For targets identification by LC–MS/MS, the enriched proteins from streptavidin beads were separated by SDS-PAGE followed by Coomassie staining. The band corresponding to the specific molecular weight region (20–55 kDa) were excised, cut to small pieces, and then washed with 25 mmol/L ammonium bicarbonate buffer and 50% acetonitrile in 25 mmol/L ABB buffer. After dehydration in Speedvac, the samples were reduced by dithiothreitol (DTT) and alkylated by iodoacetamide (IAA). Then the samples were incubated with trypsin to digested into peptides overnight at 37 °C. Peptide solution was desalted on C18 column. TMT10 plex Mass Tag Labeling reagents (Thermo) were used for peptide labeling according to the instructions. Finally, samples were analyzed by LC–MS/MS (Thermo).

For pull down-Western blot analysis, the bound proteins were detected by Western blot assay with the same procedures mentioned above.

Target protein analysis and gene ontology (GO) enrichment

According to the TMT signals of DMSO (control) group, Cel + Cel-P (compete) and Cel-P (treatment) group, the P values (Cel-P/DMSO and Cel-P/Compete) were generated by using 1 sample t-test as previously described. The target proteins were selected based on the absolute fold change >1.2 and P value < 0.05. GO enrichment analysis were performed on the selected proteins using the “clusterprofiler” package (version 3.18.1) in R.

Cellular thermal shift assay (CETSA)–Western blot (WB)

CETSA–WB experiment was carried out as previously described,. Briefly, the soluble protein lysate of LX-2 cells was aliquoted into PCR tubes and treated with celastrol (20 μmol/L) or DMSO for 1 h at RT prior to CETSA heat pulse. The solutions were heated at the indicated temperatures (37–73 °C) for 3 min, followed by cooling at 4 °C for 3 min in a thermocycler (Applied biosystems, USA). After centrifugation for 20 min (20,000×g, 4 °C), the soluble supernatant was subject to Western blotting.

Expression and purification of recombinant proteins

Human PRDX1, PRDX2, PRDX4, PRDX6 and HO-1 genes, as well as the mutants of PRDX1 and PRDX2 were subcloned into pET28a vector with a 6 × His-tag fusion (Sangon, Shanghai, China). The Escherichia coli BL21 was transformed with the expression plasmid, and cultured in LB medium containing 50 μg/mL kanamycin (200 rpm, 37 °C) to OD600 of 0.6–0.8, and the protein expression was induced with 0.4 mmol/L IPTG for 14 h at 16 °C. Bacterial pellet was suspended in lysis buffer (200 mmol/L NaCl, 20 mmol/L Tris–HCl, 1 mmol/L PMSF, 1 × protease inhibitor cocktail, pH 8.0) and disrupted by sonication. After centrifugation (12,000 × g for 30 min at 4 °C), supernatant was applied to Ni-NTA beads column (Qiagen, USA) and washed with 30 mL binding buffer (200 mmol/L NaCl, 20 mmol/L Tris–HCl, 20 mmol/L or 50 mmol/L imidazole, pH 8.0). Recombinant proteins were eluted with 200 mmol/L NaCl, 20 mmol/L Tris–HCl and 200 mmol/L imidazole, pH 8.0 buffer. The protein concentration was determined with BCA kit. The purity and integrity of the purified proteins was verified on SDS-PAGE gel by Coomassie brilliant blue.

UV–visible absorption spectra assay

The UV–visible absorption spectra of celastrol in PBS buffer was measured at 300–600 nm by a multimode 96-well plate reader (PerkinElmer, USA).

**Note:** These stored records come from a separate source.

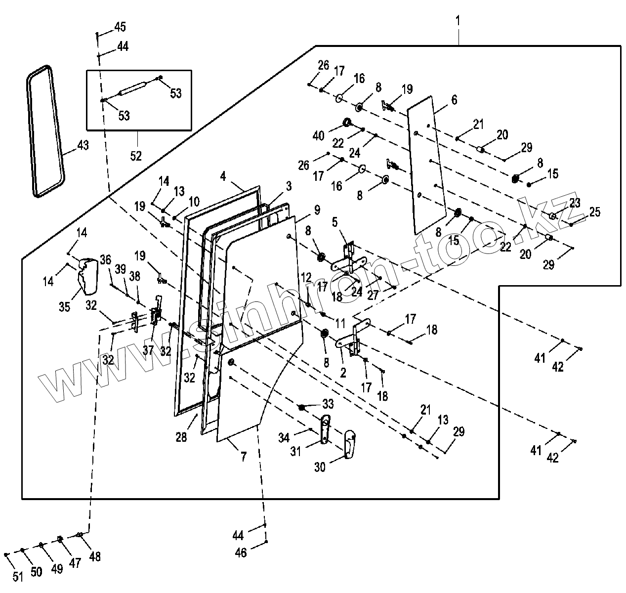 Каталог запасных частей к технике: John Deere JD-325SK. Дверь левая (кабина)
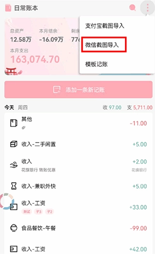 2、进入一木记账后,点击右上方,选择【微信截图导入】;
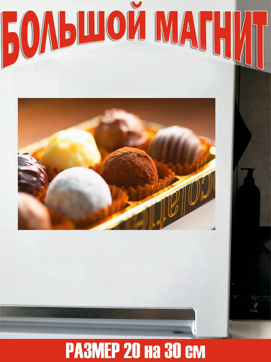 Только наши большие магниты можно мыть, они не выцветают долгие годы. Магнит плакаты плитка шоколада, белый шоколад, какао бобы, конфеты, корица и орехи — все это сочетается в наших изделиях. Мы гордимся тем, что изображение наносится прямо на магнит — это новая технология. Это не наклейка, что гарантирует ее долговечность и надежность, при этом магнит можно всегда снять, он не оставляет следов.
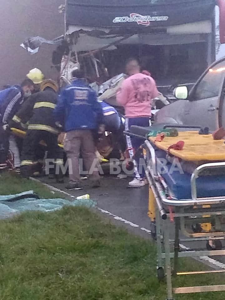 “El camión cruzó de frente y el chofer del colectivo pegó el volantazo, cruzó de carril e impactó contra el auto y la camioneta. El colectivero nos salvó la vida, actuó rápido”, sostuvo un viajero que iba en la parte de arriba del micro, vio todo el suceso y lo relató al móvil de Francisco Paz, en “Mañana es Tarde” de Lafinur FM Radio.
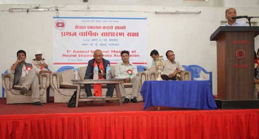काठमाडौँ, २० असार । नेपाल एकायन कराते संघले सोमबार प्रथम बार्षिक सभा सम्पन्न गरेको छ । राष्ट्र निर्माणका लागि स्वाथ्य जनशक्ति र स्वाथ्य जनशक्तिकालागि खेलकुद भन्ने मुलनाराका साथ काठमाडौँको खुसिबूमा आयोजित कार्येक्रममा प्रमुख अतिथिको रुपमा राट्रिय खेलकुद परिषदका उपाध्यक्ष लामा टेण्डी शेर्पा , अतिथिमा डा चन्द्र मन बज्राचार्य ,काठमाडौँ महानगर पालिका १७ वडाका वडा अधक्ष्य नविन मानन्धरले खेल कुदक्षेत्रको बृहत्तर बिकाशकालागि ,अन्तर राष्ट्रिय जगतमा राष्ट्रको पहिचान बढाउन सबै क्षेत्रका ब्येक्तित्त्वोको अनुकरणीय भूमिका रहनु पर्नेमा जोड दिनु पर्ने बताए । विभिन्न जिल्लाबाट समेत आमन्त्रित प्रतिनिधिहरु ,सामाजिक क्षेत्रका प्रतिनिधिहरु बीचबाट १७ सत्र सदस्य समिति निर्बिरोध चयेन गरिएको छ । जस अनुसार अध्यक्षमा श्री कृष्ण डंगोल ,उपाध्यक्षमा श्याम कृष्ण श्रेष्ठ अर्का उपध्यक्षमा खिल बहादुर खनाल ,महासचिबमा संजय मुल्मी , सचिवमा बुद्ध शरण शाही ,कोषाध्येक्षमा रिता श्रेष्ठ र सदस्यहरुमा क्रमस धर्मेन्द्र महर्जन ,मिना प्रजापति ,कृष्ण गोपाल शाही ,बिरेन्द्र कुमार श्रेष्ठ ,प्रचीन श्रेष्ठ ,राजेन्द्र शाक्य ,भगत बहादुर ब्लोन ,युवराज तामांग ,वासुदेव खत्री ,पूर्ण लक्ष्मी शाक्य रहेको छ । बि स २०७२ मा स्थापित एकायन कराते संघका अधिराज्य भरिमा नुवाकोट , काब्रे , मकवानपुर ,धादिंग, चितवन ,बाँके , भक्तपुर ,ललितपुर ,पर्सा ,कास्की ,कैलाली,ओखल्धुङ्गा ,सोलुखुम्बु ,महत्तरी लगाएत जिल्लाहरुमा शाखा समेत रही विभिन्न राष्ट्रिय स्तरका खेल प्रतियोगिता समेत आयोजना गर्दै आएको छ ।

Celastrol (100 μmol/L) was incubated with or without the indicated proteins (20 μmol/L), and the absorbance spectra was recorded.

Molecular docking

The crystal structures of proteins were retrieved from Protein Data Bank (PRDX1: 4XCS; PRDX2: 5IJT; PRDX4: 3TKQ; PRDX6: 5B6N; HO-1: 4WD4). Docking process: Discovery Studio Client was used to perform dehydration and hydrogenation of proteins. Pyrx-0.8 and AutoDock Vina were used for molecular docking, and Pymol software for mapping.

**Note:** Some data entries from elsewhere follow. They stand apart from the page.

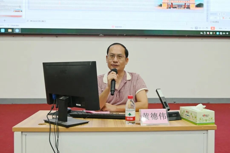 圖為副校長黃德偉作《學(xué)生管理制度解讀》專題教育
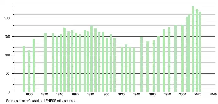 L'évolution du nombre d'habitants est connue à travers les recensements de la population effectués dans la commune depuis 1793. Pour les communes de moins de 10 000 habitants, une enquête de recensement portant sur toute la population est réalisée tous les cinq ans, les populations de référence des années intermédiaires étant quant à elles estimées par interpolation ou extrapolation[35]. Pour la commune, le premier recensement exhaustif entrant dans le cadre du nouveau dispositif a été réalisé en 2008[36].
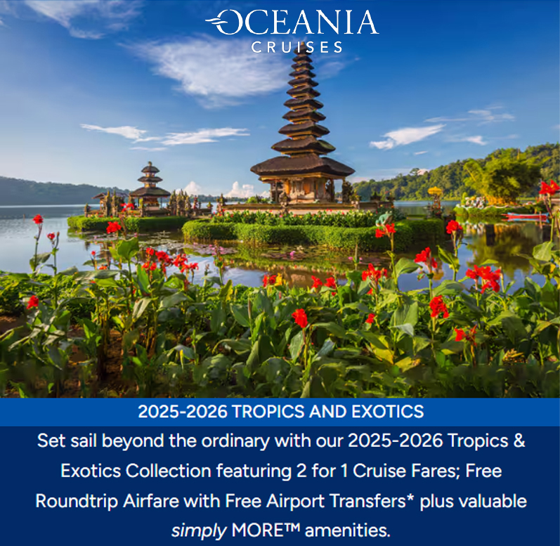 *Offers and fares are subject to change on July 1st, 2024. Visit OceaniaCruises.com for current pricing. All fares are per person, valid for residents of United States and Canada, based on double occupancy (unless otherwise noted) – except fares for Solo category are for a single traveler and are based on single occupancy – for new bookings only and may be withdrawn at any time. Free Internet amenity does not include streaming and includes a login for the first two devices per stateroom. Visit OceaniaCruises.com/internet for more details. simply MORE amenities are per stateroom, based on double occupancy and subject to change; except simply MORE amenities for single travelers who are booked in a Solo category, and are at the per guest rate. simply MORE free shore excursion credit varies by voyage and is up to $1,400 per stateroom, except for Grand Voyages as amenity value varies according to voyage length and for single travelers booked in a Solo category as amenity is at the per-guest rate. simply MORE Champagne, Wine, and More amenity is the House Select beverage package and is valued up to $2,800 per stateroom, except for Grand Voyages as amenity value varies according to voyage length and for single travelers booked in a Solo category as amenity is at the per-guest rate. Simply MORE shore excursion credit has no cash value. Not all promotions are combinable. 2 for 1, simply MORE fares are based on published Full Brochure Fares; such fares may not have resulted in actual sales in all suite and stateroom categories and do not include optional charges as detailed in the Guest Ticket Contract which may be viewed, along with additional terms, at OceaniaCruises.com. simply MORE without airfare does not include airfare or transfers. All fares include government fees & taxes. “Airfare” includes ground transfers, and offer applies to coach, roundtrip flights only from the following airports: ATL, BOS, CLT, DCA, DEN, DFW, DTW, EWR, IAD, IAH, JFK, LAX, LGA, MCO, MDW, MIA, ORD, PHL, PHX, SAN, SAV, SEA, SFO, TPA, YOW, YUL, YVR, YYZ. Oceania Cruises reserves the right to assign gateways based on availability for JFK, LGA and MIA. Gateways are subject to change at any time. Free Roundtrip Airport Transfer offer is only available when simply MORE Airfare is purchased through Oceania Cruises. Roundtrip Airport Transfer is included only from the above gateways. Airfare is available from all other U.S. and Canadian gateways for an additional charge. “Airfare” includes all airline fees, surcharges and government taxes. Airline-imposed personal charges such as baggage fees may apply. The privacy and protection of personal data is very important to us, and we collect, use, share and secure that data as described in our privacy policy, which is available on our website at OceaniaCruises.com/legal/privacy-policy. Oceania Cruises reserves the right to correct errors or omissions and to change any and all fares, fees, promotions and surcharges at any time. Ships’ Registry: Marshall Islands. | |
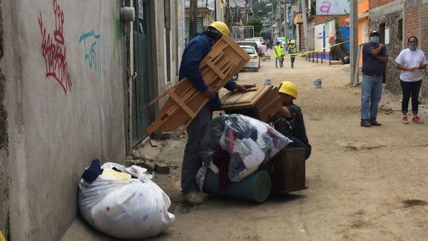 Entre las calles llenas aún de residuos y polvo, continúa el éxodo, el ir y venir de vecinos que intentan salvar lo poco que queda de sus casas, como las hermanas Rosa María y Rocío Páez, quienes pasan al menos 12 horas al día sentadas en una papelería ubicada al lado de lo que era su casa.
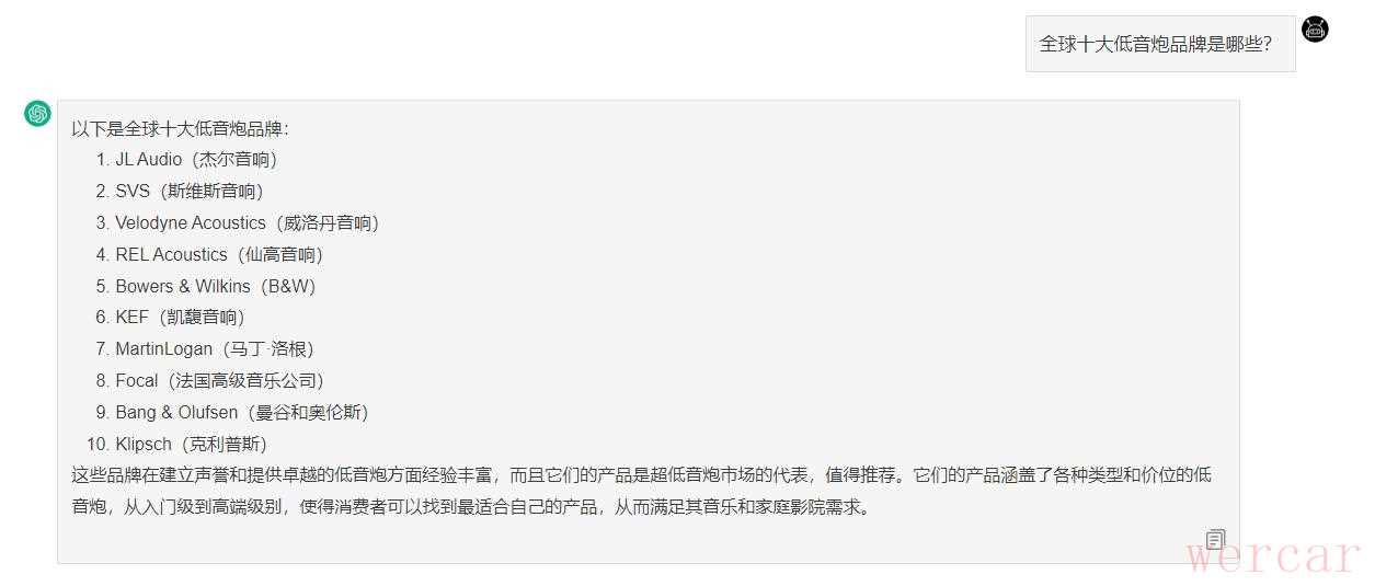 当我写到这里的时候,我尝试把这个问题甩给了ChatGPT。作为目前最强大的智能系统,我也想试试看它的本事。结果还不错,它给的结果还算中肯和靠谱,就是这翻译的厂家名字……基本没一个靠谱的……但还是顺着往下说吧,接下来笔者就通过自己的了解,去掉一些不行的,再加进去一些自认为行的,然后把我所知道的十大低音炮罗列给大家。
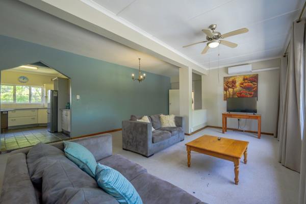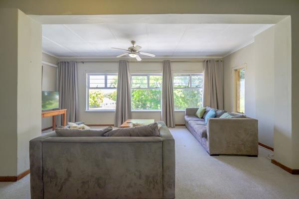Section 1 on the ground floor is 215sqm and offers a spacious dining room with stack back doors to a large undercover patio overlooking the garden, braai area and an inviting swimming pool. A bar area + lounge leads to the fitted kitchen with ample cupboard space, plumbed for a washing machine + dishwasher.

Activity assay of recombinant human PRDX proteins

The peroxidase activities of recombinant human PRDX proteins were measured as described previously,. The enzymatic activity of PRDX2 was measured by adding 10 μL H2O2 (final 50 μmol/L) into different concentrations of rhPRDX2 solutions, followed by assessing the residual H2O2 level using Hydrogen Peroxide Assay Kit (Beyotime, Shanghai, China). To measure the inhibition of celastrol on the peroxidase activities PRDXs, rhPRDX proteins (30 μmol/L) were incubated with DMSO or celastrol (5 μmol/L) for 20 min at room temperature, followed by measurement as described above.

HO-1 activity assay

The HO-1 activity assay was carried out as previously described. Briefly, 99 μL of 5 μmol/L rhHO-1 and 50 μmol/L hemin solution in 100 mmol/L MOPS pH 7.0 was incubated with 1 μL DMSO or celastrol (5–20 μmol/L final concentration) for 20 min at RT. And then 100 μL of 2 mmol/L l-ascorbic acid and 400 μmol/L Ferene-S mixed reagent was added. The absorbance of Ferene-S and biliverdin was determined using Spark 10M plate reader (Tecan, Switzerland) at 593 and 670 nm, respectively.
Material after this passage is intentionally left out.